Portable across clouds
Portability was an important consideration for Esri engineers. Mollenkopf said that, while the IoT service currently runs on Azure, the team has also verified it on AWS and plans to enable it on other public and private clouds in the future.
Esri's new software as a service (SaaS) -- which is due to go live by the end of the first quarter -- collects data from IoT sensors and writes it to Kafka stream-processing software. The application then maps the data into a Spark-based platform that Esri specialized for geospatial analytics to enable customers to receive alerts and detect patterns in real time as events of interest happen. Esri's SaaS application stores information in an Elasticsearch database so customers can go back later and replay scenarios on a map.
One beta tester collects data from sensors along the side of various roads to track the number of cars that pass by. Other potential use cases include municipal snow-plowing and sanitation operations, mobile workforce tracking and autonomous vehicles.
Adam MollenkopfReal-time and big data capability lead, Esri
Esri uses the Microsoft cloud's AKS to provision the containers and Azure Premium SSD Managed Disks to provide the persistent storage. The Portworx software runs as an agent on each node in the Kubernetes cluster to intercept storage requests from the containers. Portworx Enterprise virtualizes and manages the back-end storage and ensures the data replication across cloud availability zones.

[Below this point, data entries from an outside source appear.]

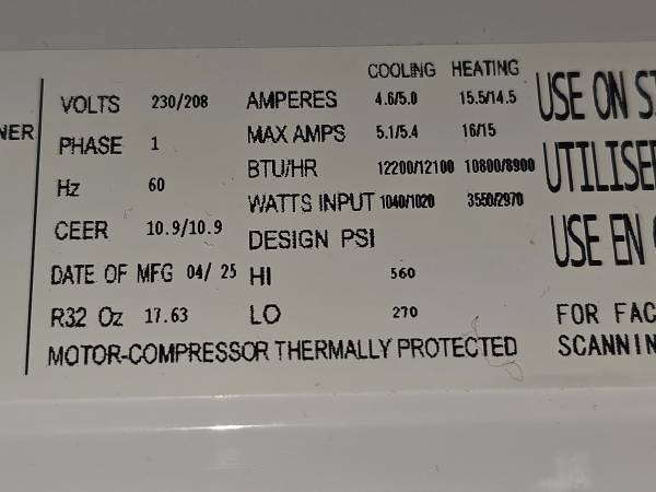 This is a unit for a 550sq ft room. Ac and heater. Alexa wifi feature. It uses 230 volts so it has a 230v plug. Selling ASAP. They sell for $729 new at Lowes as you can see in the picture from the Lowes associate.
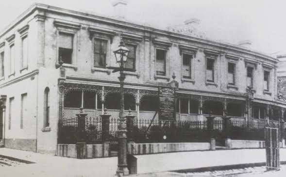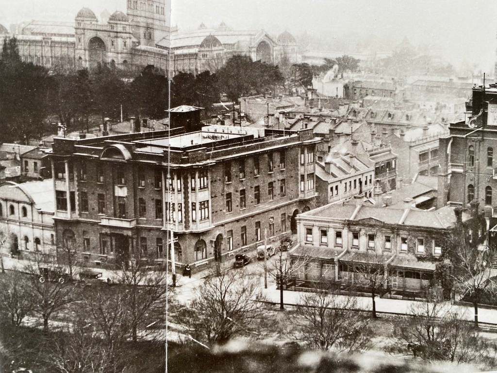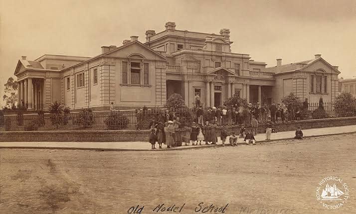 Latest part of my big drawing of Melbourne as it might have been, the triangular area east of Spring Street at Lonsdale. I’ve drawn the Model School, built in the 1850s and replaced by the College of Surgeons in the 1930s – the school was a terribly complicated building ! So I simplified. And school is out, I put in little figures leaving. And I had a smaller triangle which now has a sort of Chinese garden and the parliament station entry but didn’t have anything before, except Burke & Wills for a time, so I put the 8 hours monument on the corner. It was actually over in Gordon Square until 1903. There was still a bit of room, so I put the morgue there ! With a hearse out the back. The morgue was actually right on the corner of Swanston and Flinders until 1888, only old photo is at an angle, and when the Yarra was in flood, showing a rather elegant small c1860 building.
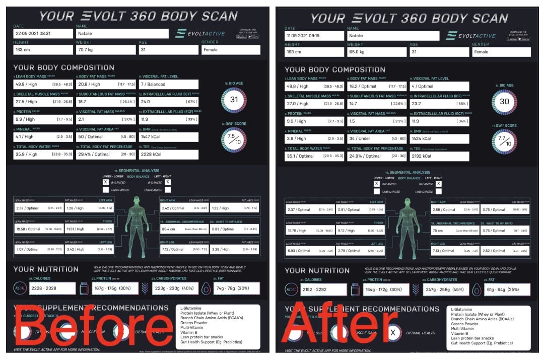 Natalie lost a total of 5kgs during the challenge, which went from 22 May 2021 through to 11 September 2021, and the unit measurement results listed below from her Evolt 360 scan were amazing!
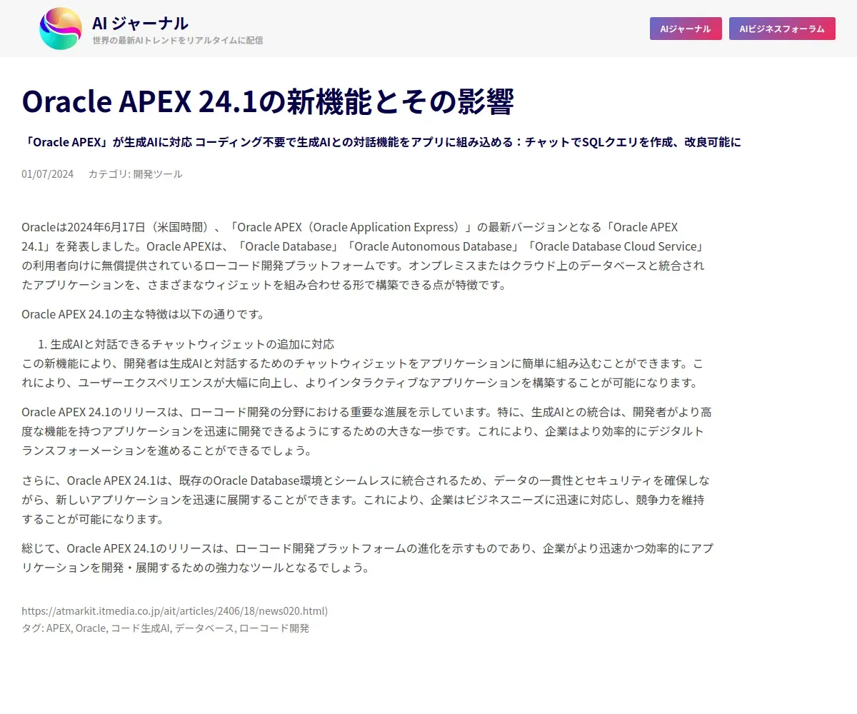 https://www.aiforum.asto-system.co.jp:443/news/oracle-apex-24-1%E3%81%AE%E6%96%B0%E6%A9%9F%E8%83%BD%E3%81%A8%E3%81%9D%E3%81%AE%E5%BD%B1%E9%9F%BF/
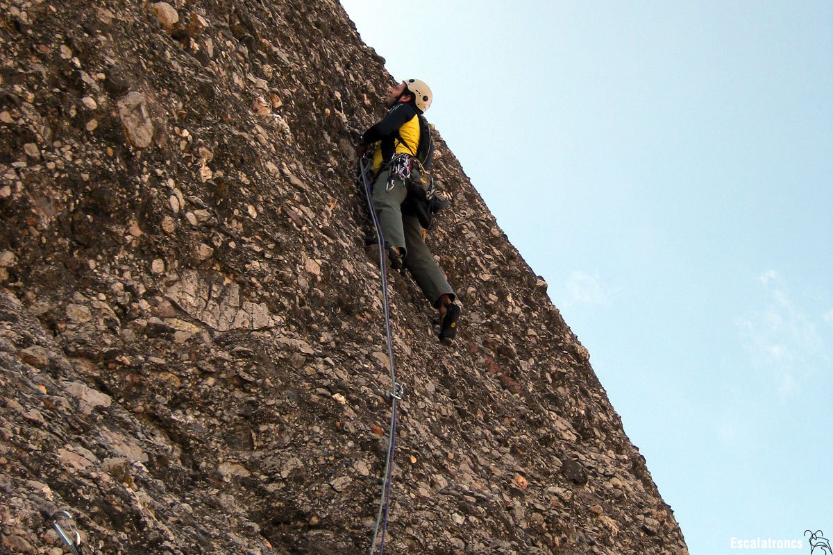Hem de sortir de la balma cap a la dreta. La sortida cal dir que dona un cert respecte, donat que no es veu el primer espit i la placa és dreta. Tot i això la sortida és molt fàcil, amb presses genials i de seguida trobarem la primera assegurança. Per evitar el factor 2 podem col·locar un Camalot del 2 a la part dreta de la balma. Un cop xapat el primer espit hem d’escalar en diagonal cap a l’esquerra fins situar-nos sobre la reunió i després seguir més o menys recte amunt. De nou anirem trobant algun punt d’assegurança. 30 metres.
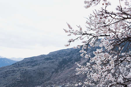 View of a flowering apricot branch on a cloudy afternoon on a background of gray mountains. The concept of plants, landscape, mountains
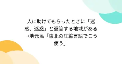 人に助けてもらったときに「迷惑、迷惑」と返答する地域がある→地元民「東北の圧縮言語でこう使う」
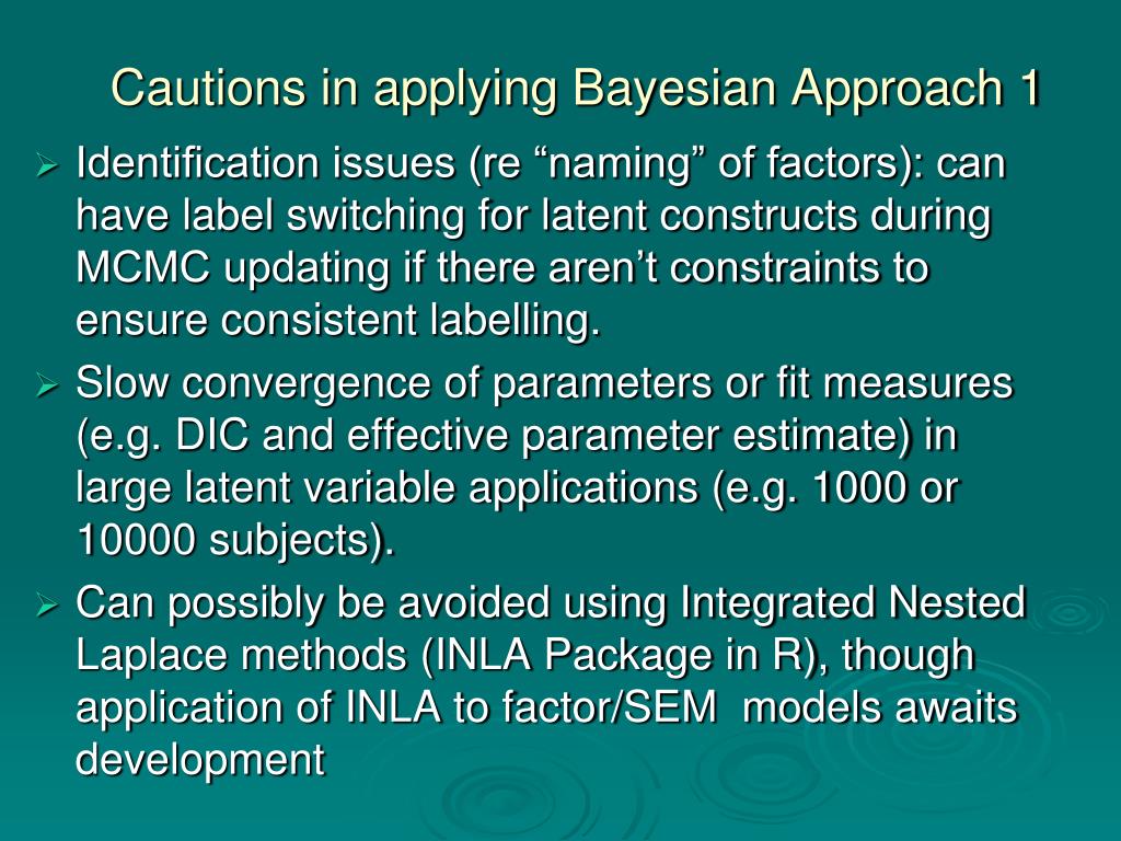 Cautions in applying Bayesian Approach 1 • Identification issues (re “naming” of factors): can have label switching for latent constructs during MCMC updating if there aren’t constraints to ensure consistent labelling. • Slow convergence of parameters or fit measures (e.g. DIC and effective parameter estimate) in large latent variable applications (e.g. 1000 or 10000 subjects). • Can possibly be avoided using Integrated Nested Laplace methods (INLA Package in R), though application of INLA to factor/SEM models awaits development

"We needed a consistent, unified way to deal with resilience on stateful applications," Mollenkopf said.
Open source storage alternative
The alternative that Esri considered would have been a "daunting task," according to Mollenkopf. He said engineers could have enabled replication and DR on a piecemeal basis with Elasticsearch, Kafka and any other open source tools they use. The team also would have had to track the steady stream of updates and new versions to the open source software.
Mollenkopf said that without Portworx, Esri might have had to offer lower service levels or reduced guarantees against data loss -- a combination that would not sit well with the customers that Esri plans to target with the new ArcGIS Analytics for IoT service, including federal and local governments and agencies, telecom providers, and oil and gas companies.
Prior to the new Analytics for IoT, Esri offered a more traditional on-premises application that required customers to put together the necessary server and storage infrastructure to ensure reliability and high availability. Mollenkopf said many companies found that too hard or did not understand how to do it. But customers will now have the option to let Esri spin up a new Kubernetes cluster and take care of the resilience as part of the quality of service, he said.
"We're basically licensing X number of nodes of Portworx, and then we cover the cost of that through the fees that we charge for our SaaS," Mollenkopf said.
IoT use case
The Esri service is designed to handle whatever velocities and volumes of data that the IoT sensors pull in. Mollenkopf said that Kubernetes will automatically scale the containers and nodes and Portworx Autopilot can dynamically resize the persistent volumes and add disks, without having to restart the containers. Esri uses open-source Stork software to orchestrate Kubernetes cluster and data backups to Azure Blob object storage on a periodic basis.
The IoT use case is becoming a popular one for Portworx. The startup's co-founder and CTO, Gou Rao, estimated that 25% of the company's 200 customers use Portworx Enterprise in connection with a container-based IoT application or service.
Portworx was the only storage player that Mollenkopf could find dedicated to container storage when the team did its analysis three years ago. He said Esri did initial ROI calculations but soon stopped after realizing Portworx was "such a no-brainer" in solving their problems with stateful workloads.
"Running stateful applications on Kubernetes remains a challenge today," Mollenkopf said. "So enabling Portworx on our Kubernetes clusters helps to ease the burden."